|Authors: ||R.G. Lopez, M.G. Blanchard, E.S. Runkle|
|Keywords: ||daily light integral, light quantity, temperature|
Zamioculcas zamiifolia (Lodd.) Engl. is a tropical ornamental perennial native to Eastern Africa that produces succulent rhizomes at the base of its attractive dark green and glossy foliage.
We performed experiments to determine if plants could be asexually propagated by single leaflets, apical leaflet sections, basal leaflet sections, or rachis cuttings.
The effects of photoperiod and photosynthetic daily light integral (DLI) on rhizome development were also quantified.
Cuttings were rooted in a greenhouse with overhead mist and maintained at 24 to 25°C and a vapor-pressure deficit of 0.3 kPa.
A 9- or 16-h photoperiod was delivered using a 9-h natural day extended with light from soft-white fluorescent lamps.
DLI environments were created using 0, 30, 50 and 70% woven shade cloth.
Apical and entire leaflet cuttings developed 250% and 142% more rhizomes, respectively, than basal leaflet cuttings propagated under a 16-h photoperiod.
In another experiment, apical leaflet cuttings produced fewer rhizomes under a 9-h photoperiod than under 16h.
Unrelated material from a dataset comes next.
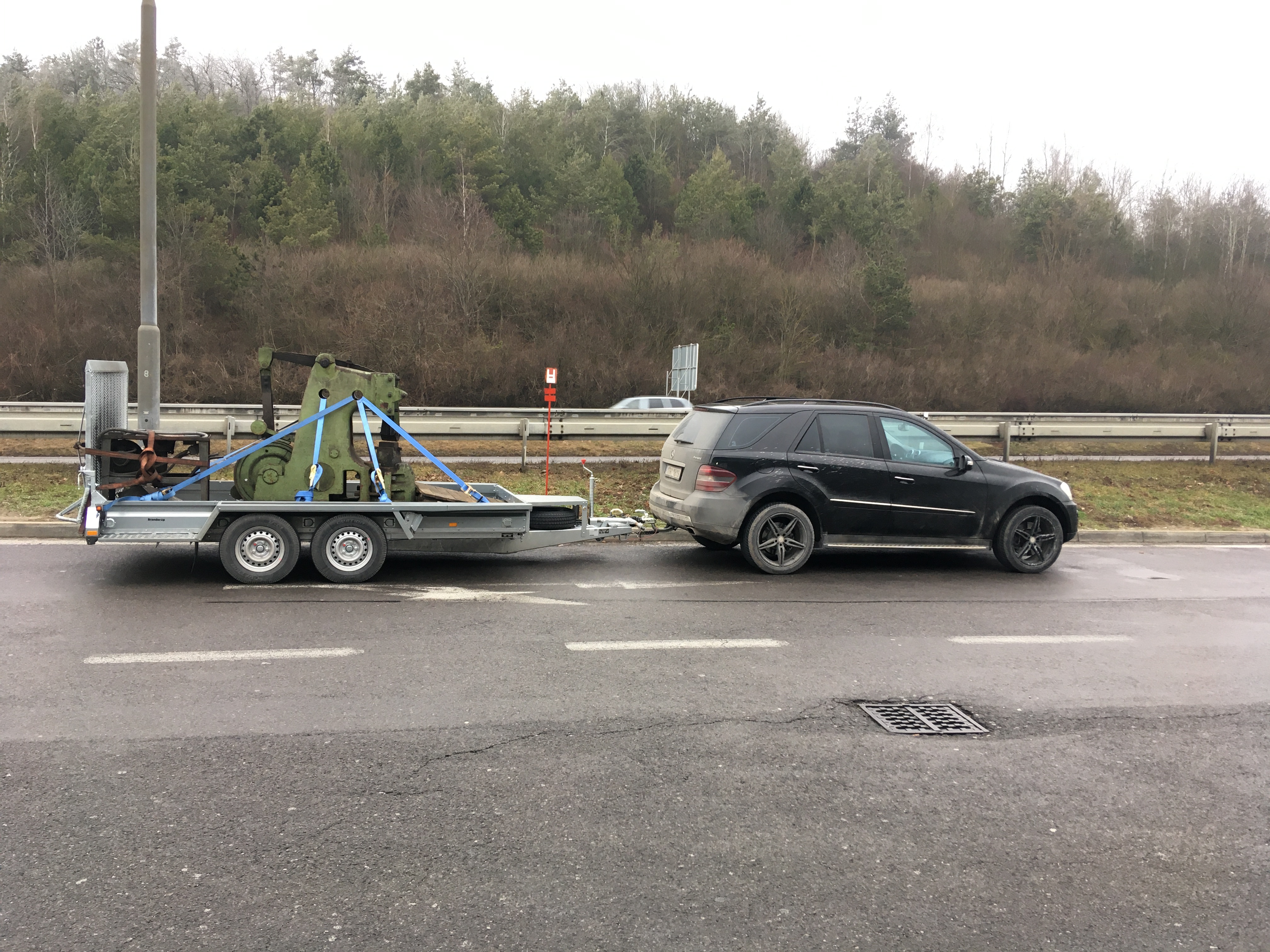 Chcem sa poďakovať Braňovi za super komunikáciu a ochotu (i keď buchar nebol priamo pre mňa...). Prevoz dopadol na výbornu :) aj napriek mojim menším obavám ohľadom ťažiska...(vodičák BE bol ešte čerstvý :mrgreen: ) Braňo nám to perfektne zgurtňoval a ten veľký vozík s celkovou hmotnosťou 3500kg nemal s bucharom o hmotnosti 2t žiadny problém či už išlo o stabilitu, nosnosť alebo brzdenie :) Pre lepšiu predstavu pridávam foto z prepravy. Samozrejme, že auto mohlo ťahať 3500kg.

After 6 weeks, regardless of DLI, apical cuttings produced a mean of 4.3 rhizomes compared to 1.4 for basal cuttings.
Rooted cuttings were then transplanted into 10-cm pots and grown at a constant 20, 23, 26, 29 and 32°C to determine the effects of temperature on plant development.
Marketable plants were achieved after 6 to 8 months at temperatures of 29 to 32°C; temperatures below 26°C delayed leaf development.
Commercial propagation and production time of Zamioculcas can be reduced by propagating apical leaflet cuttings under a 16-h photoperiod and a DLI as low as 0.6 mol•m–2•d–1 and by subsequently growing plants at 29 to 32°C.